Just yesterday I woke up, looked out the window, smelled the sweet morning air, and without skipping a beat got my ass as fast as I could to the bakery on the corner of the street. I needed a morning fix. Not paying any attention to the people or the environment around me (I practically ran there) I bought as many baked goods as I could with the money I had in my pocket and I ate.
I am, no doubt, a compulsive eater. A binge eater. An overeater. I don’t know what to call it. And to be honest I don’t what to do about it either. But that is not why I am here. I am here because last week as I had a breakdown and sobbed uncontrollably in the back of the grocery store (no one saw… I don’t think) I realized I need to share my experiences with food. My binges. My emotions. I need to write about them. I need to reach out to others who feel the same.

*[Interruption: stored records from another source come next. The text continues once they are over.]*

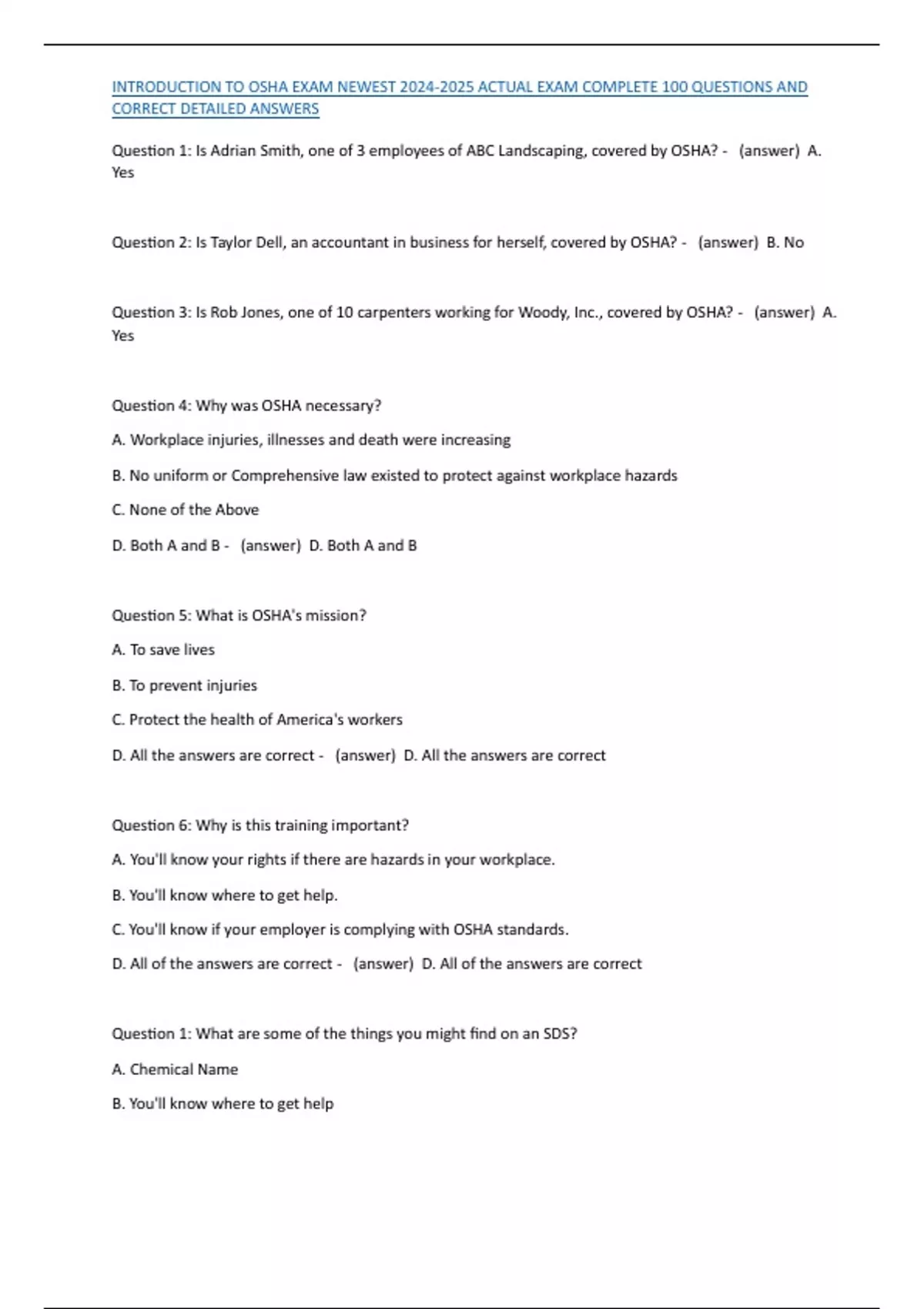 Question 1: Is Adrian Smith, one of 3 employees of ABC Landscaping, covered by OSHA? - (answer) A.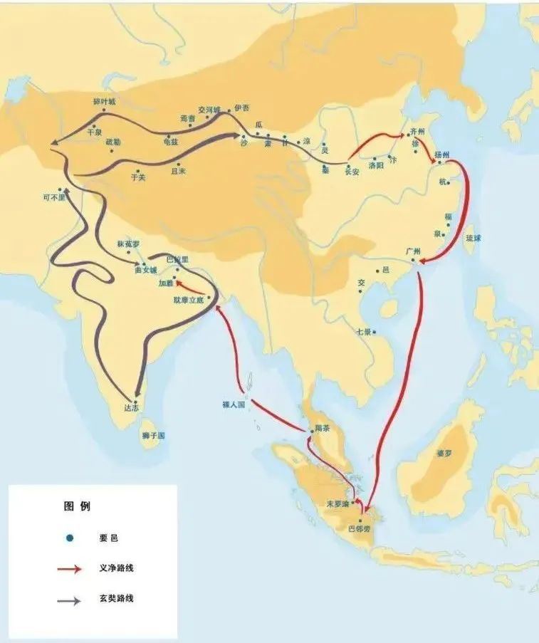 ▲义净路线与玄奘路线。(图片来源:济南宣传)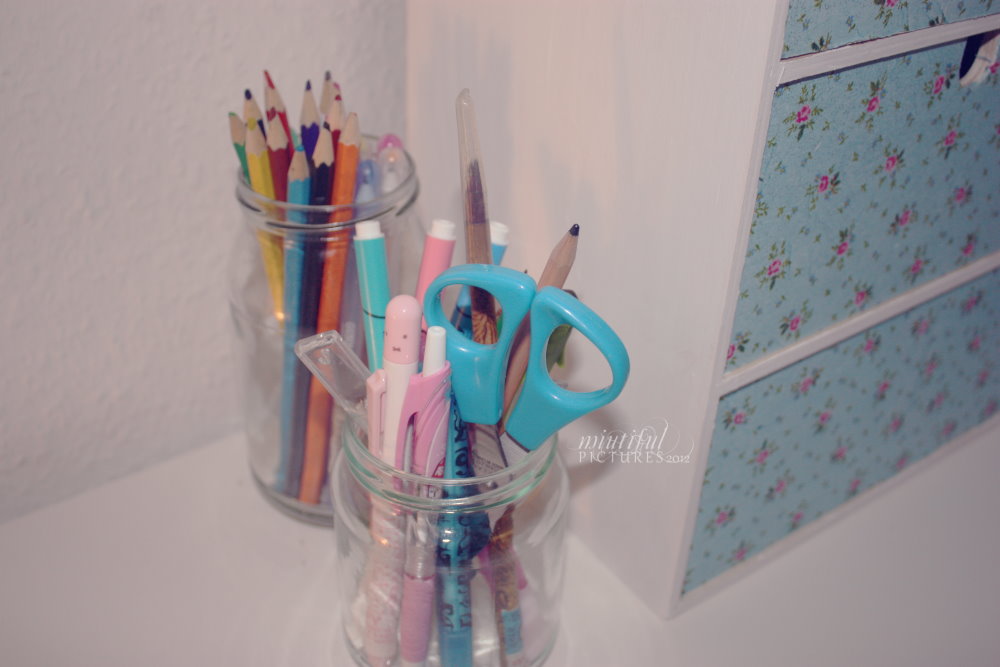 Und meinen Winnie Puuh-Stiftehalter habe ich durch zwei Einmachgläser ausgetauscht in zwei Größen, so dass ich einen besseren Überblick behalten kann :3 Sieht jemand ein Smiley? 😀
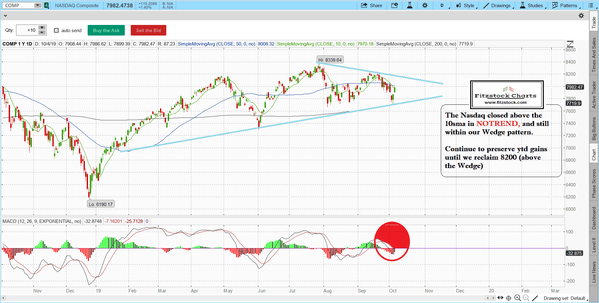 Stock Market Technical Analysis with Fitzstock Charts closing notes 10/4/19
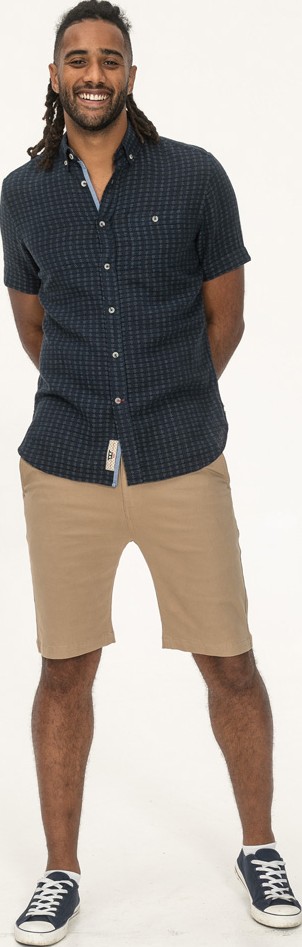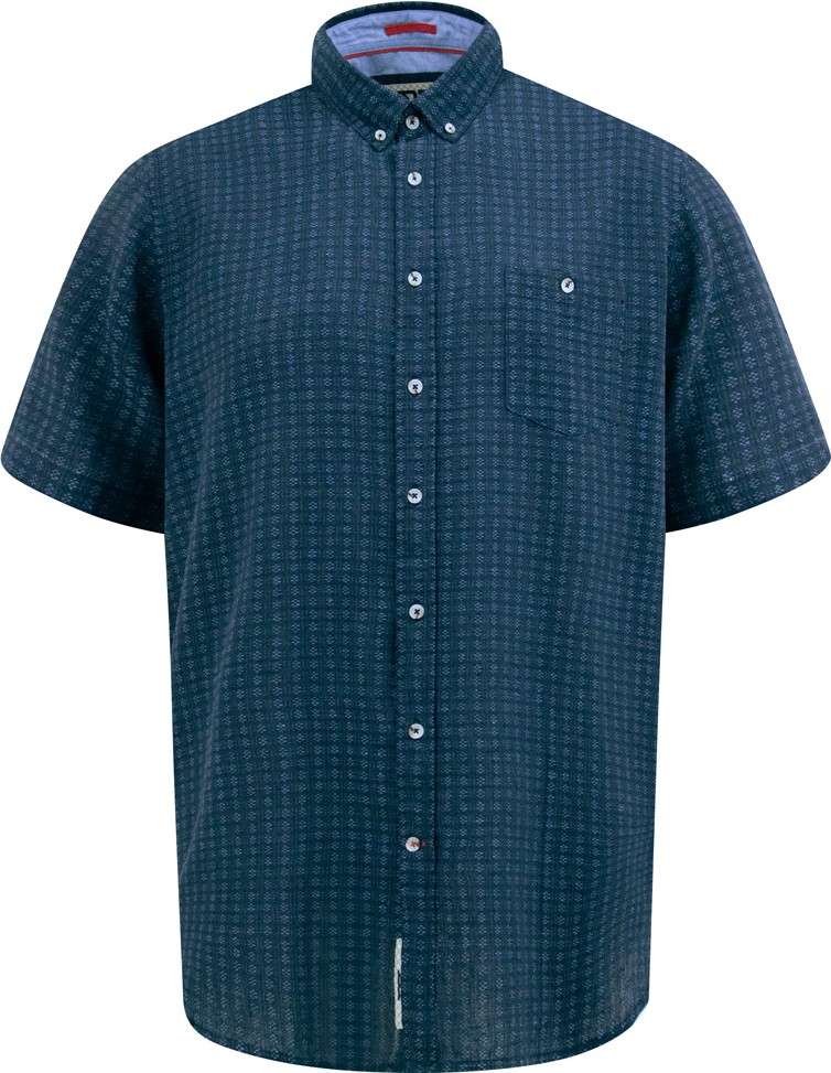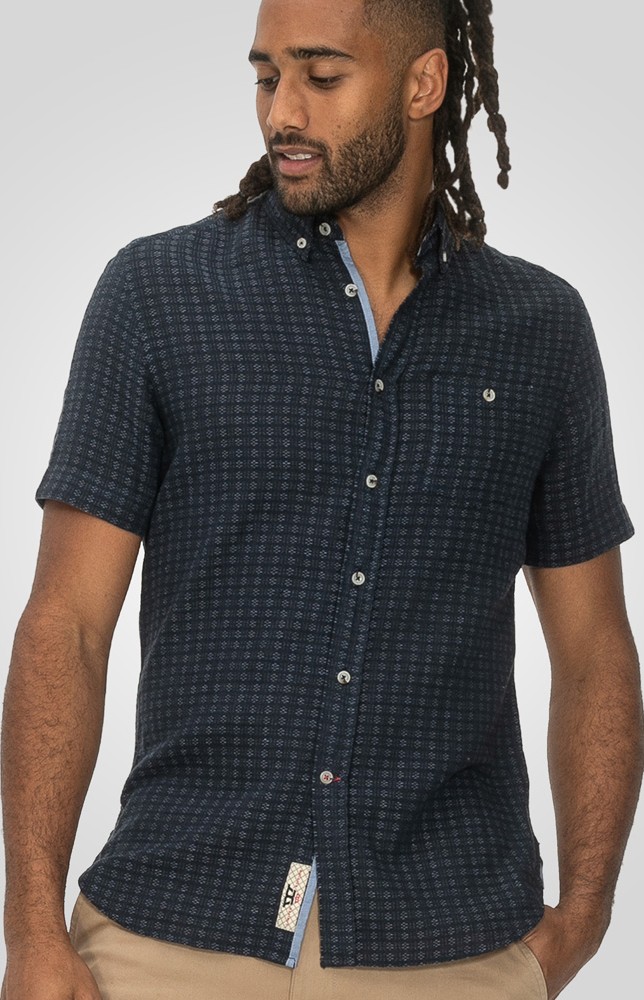 Maattabel - D555 Pontefract Jacquard Linen Mix Short Sleeve Shirt With Button Down Navy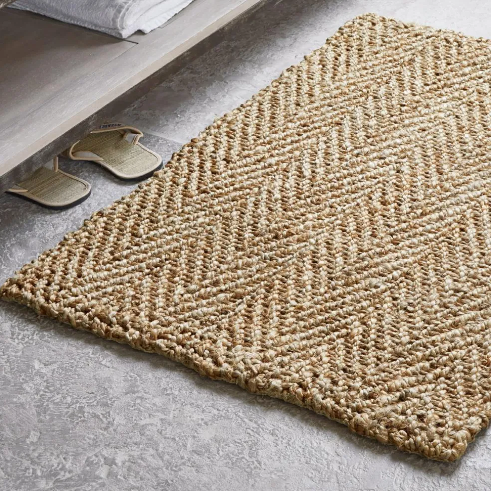 Bäder dienen heute nicht nur praktischem Nutzen, sie sind auch perfekte Wohlfühloasen, in denen man sich gerne etwas länger aufhält. Dabei schaffen Sie mit Grünpflanzen, Massivholzmöbeln und natürlichen Accessoires eine besonders gemütliche Atmosphäre. Auch dieser hochwertige Badteppich, der aus reinem Jutegarn gefertigt ist, gehört unbedingt dazu. Entdecken Sie die umweltfreundliche Qualität für Ihr Zuhause: Die nachwachsende Faser ist langlebig, robust und unempfindlich gegenüber Schmutz und Wasser. Kleine Farbveränderungen sind typisch für das Naturprodukt und sorgen für eine lebendige Optik. Das klassische Fischgrätmuster gibt der Badematte die attraktive Struktur – und Ihren Füßen einen herrlich angenehmen Massage-Effekt. Damit der Vorleger seine natürlich schöne Anmutung bewahrt, sind die Kanten ganz schlicht versäumt. Ein wirkungsvoller Wohnakzent, der sich wunderbar mit warmen Holzböden, aber auch kühlen Beton- und Fliesenböden verträgt. Mit einer rutschfesten Latexbeschichtung auf der Unterseite behält die Badematte auch auf Dauer ihren gewünschten Platz.

Perhaps you have a similar experience and I would love to hear from you. In fact, I would love for this to be a place for anyone who has ever felt that they are controlled by food to come and relate. It has always helped me to read about someone being honest and frank about something that makes you want to cringe.
But lets get real, you didn’t think I was going to be THAT honest, did you? This is anonymous. That way I can be truthful and sincere about my experiences. Plus I don’t want like, my roommate to figure out I secretly binge eat. Because I’m sure she doesn’t already know… ha.